Ventricular Septal Defect
Francisco Talavera, PharmD, PhD
Ventricular Septal Defect Overview
Ventricular septal defect is a hole in the wall between the right and left ventricles of the heart. This abnormality usually develops before birth and is found most often in infants.
- The ventricles are the 2 lower chambers of the heart. The wall between them is called the septum. A hole in the septum is called a septal defect.
- If the hole is located between the upper chambers or atria, it is called an atrial septal defect.
- Infants may be born with either or both types of defects.
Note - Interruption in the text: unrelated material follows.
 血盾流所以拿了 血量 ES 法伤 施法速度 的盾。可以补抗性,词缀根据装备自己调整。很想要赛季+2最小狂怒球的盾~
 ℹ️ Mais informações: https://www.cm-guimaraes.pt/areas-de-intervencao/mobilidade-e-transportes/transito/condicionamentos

These conditions are commonly known as "holes in the heart."
Normally, unoxygenated blood from the body returns to the right half of the heart, that is the right atrium, then the right ventricle, which pumps the blood to the lungs to absorb oxygen. After leaving the lungs, the oxygenated blood returns to the left half of the heart, that is the left atrium, then the left ventricle, where it is pumped out to provide oxygen to all the tissues of the body.
- A ventricular septal defect can allow newly oxygenated blood to flow from the left ventricle, where the pressures are higher, to the right ventricle, where the pressures are lower, and mix with unoxygenated blood. The mixed blood in the right ventricle flows back or recirculates into the lungs. This means that the right and left ventricles are working harder, pumping a greater volume of blood than they normally would.
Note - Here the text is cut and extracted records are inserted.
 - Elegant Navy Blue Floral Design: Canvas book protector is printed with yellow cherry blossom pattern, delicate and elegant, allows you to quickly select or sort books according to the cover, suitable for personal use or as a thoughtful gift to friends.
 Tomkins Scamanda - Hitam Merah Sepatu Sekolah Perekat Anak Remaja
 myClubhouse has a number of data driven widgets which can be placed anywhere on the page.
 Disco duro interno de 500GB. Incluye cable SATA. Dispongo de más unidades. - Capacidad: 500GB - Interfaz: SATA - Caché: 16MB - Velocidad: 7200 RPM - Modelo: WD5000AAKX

- Eventually, the left ventricle can work so hard that it starts to fail. It can no longer pump blood as well as it did. Blood returning to the heart from the blood vessels backs up into the lungs, causing pulmonary congestion, and further backup into the body, causing weight gain and fluid retention. Overall, this is called congestive heart failure.
- If the VSD is large and surgically uncorrected, pressure can build excessively in the lungs, called pulmonary hypertension. The higher the lung or pulmonary pressure, the greater the chance of blood flowing from the right ventricle to the left ventricle, backwards, causing unoxygenated blood to be pumped to the body and cyanosis (blue skin).
- The risk for these problems depends on the size of the hole in the septum and how well the infant’s lungs function.
The ventricular septal defect may not be heard with a stethoscope until several days after birth. This is because a newborn's circulatory system changes during the first week with drop in the lung or pulmonary pressure, creating the greater pressure differential between the 2 ventricles, thus greater left-to-right shunt and audible murmur.
Ventricular septal defects are the most common congenital heart defects in infants (that is, defects that a person is born with).
- The condition occurs in about 25% of all infants born with a heart defect.
- These defects are more common in premature infants.